The British ships were ostensibly in the vicinity on routine exercises, but in fact their presence was designed to send a message to President Milosevic not to meddle with Montenegro.

The helicopters flew over the rescue site for 16 hours and aircrews had to be changed regularly, said Cdr Parker. "These were extremely challenging conditions. It was pitch black with water washing over the rocks. The sea was short and vicious, making it difficult for winchers."

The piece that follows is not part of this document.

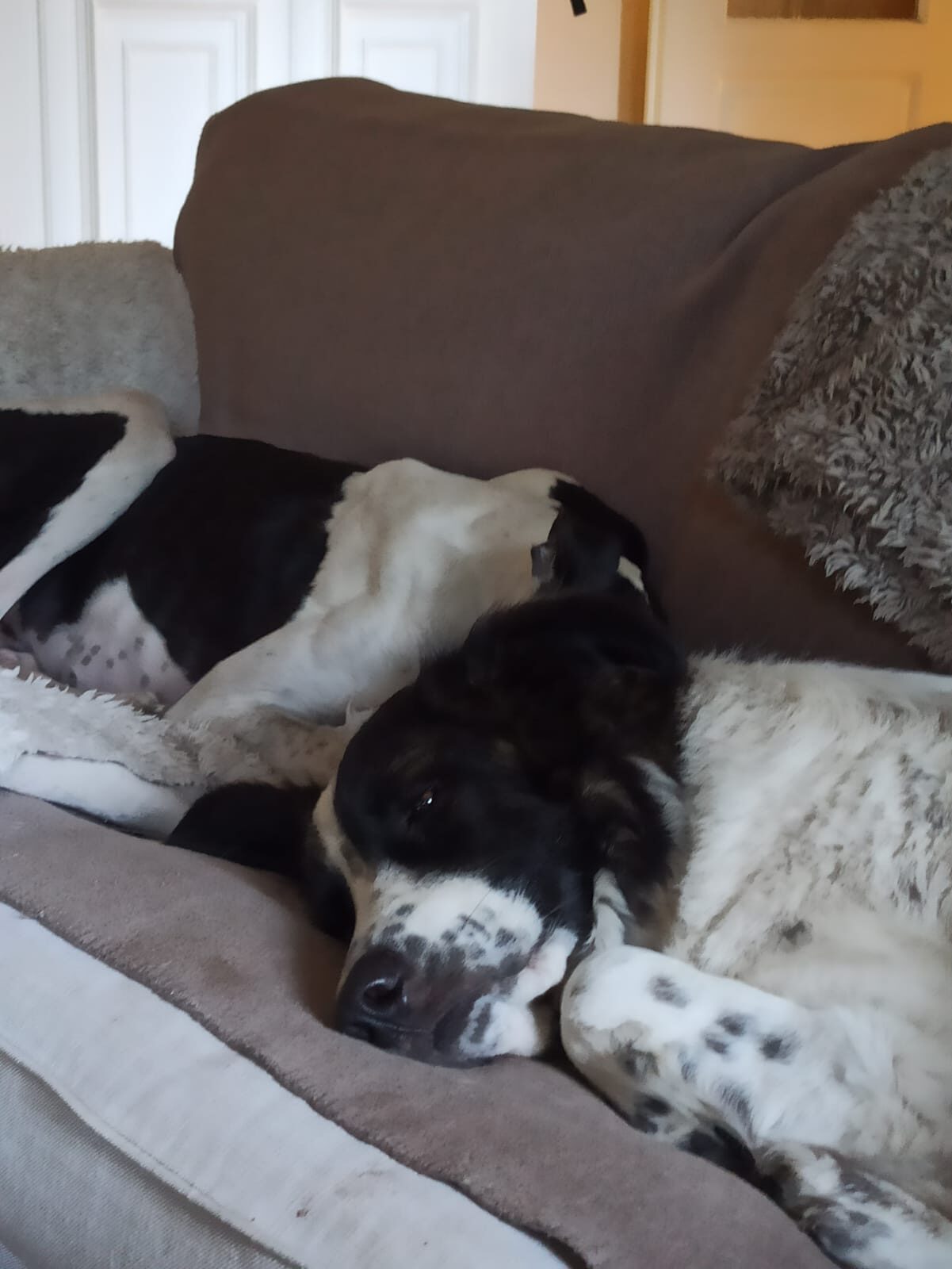 Tornado konnte letzten Monat auf eine Pflegestelle nach Deutschland reisen und erstaunte uns alle. Sofort hat er den Körperkontakt mit seinem Pflegefrauchen gesucht. In der Wohnung fühlte sich der hübsche Galgomann sicher. Die ersten Tage wollte er diese auch nicht verlassen. Stück für Stück erkundete er dann den Garten und geht mittlerweilen auch spazieren. Leevi wie er jetzt genannt wird ist noch weit davon entfernt ein souveräner Hund zu sein, aber er lernt sehr schnell und sein Vertrauen in den Menschen wurde nicht komplett zerstört.

There was also the inevitable trauma of finding bodies. As dawn broke, a Sea King could be seen landing four, including that of a child, at Paros airport. Cdr Parker added: "People are proud because we did what we could but very sad for the relatives of the people who have died." Lt Milton praised the professionalism of his crew. He said: "We rescued 12 people and I couldn‘t ask for more." 
- 30 -


----------



## Mud Crawler (10 Oct 2000)

i cant wait till Chretiens gov gets out of ottawa.Now lets say im a sailor onboard ofa fregate, i fall of board.im in freezin water.It takes 10 minutes to the eurocopter to come pick me up and 7 for teh cormoran, but the gov didnt buy cormorants, he bought fuking cheaper eurocops.HEY! i paid taxes like the rest you fukin creamed diagonal Face we got as a P.M., why‘d you let em down?


----------



## the patriot (14 Oct 2000)

The funny part is that our Sea Kings saved a boat load of people recently off a Greek freighter that had some problems recently.  This discussion can go on forever with respect to the helicopter contract.  We already went through this 10 to 15 years ago when the FN C1A1 was being slated for replacement.  Everybody knew that the FN could kill when fired at anything and had a range well over 800 metres, yet they still gave the CF a cute plastic pea-shooter made by Mattel that occasionally cracks when slammed against a helmet.  Does this make any sense at all? Not particularly.

-the patriot-


----------



## Mud Crawler (15 Oct 2000)

Does anything a Gov do has any sense?Not particularly.They always go for cheaper no matter how many lives are at stakes.Thats the essence of a gov, stir shit so that they can promise for the next mandate to fix it up.


----------



## the patriot (18 Oct 2000)

In a nutshell, it doesn‘t matter what political party is in power or says something that will brainwash the public.  They all wind up stabbing the military in the back.

-the patriot-


----------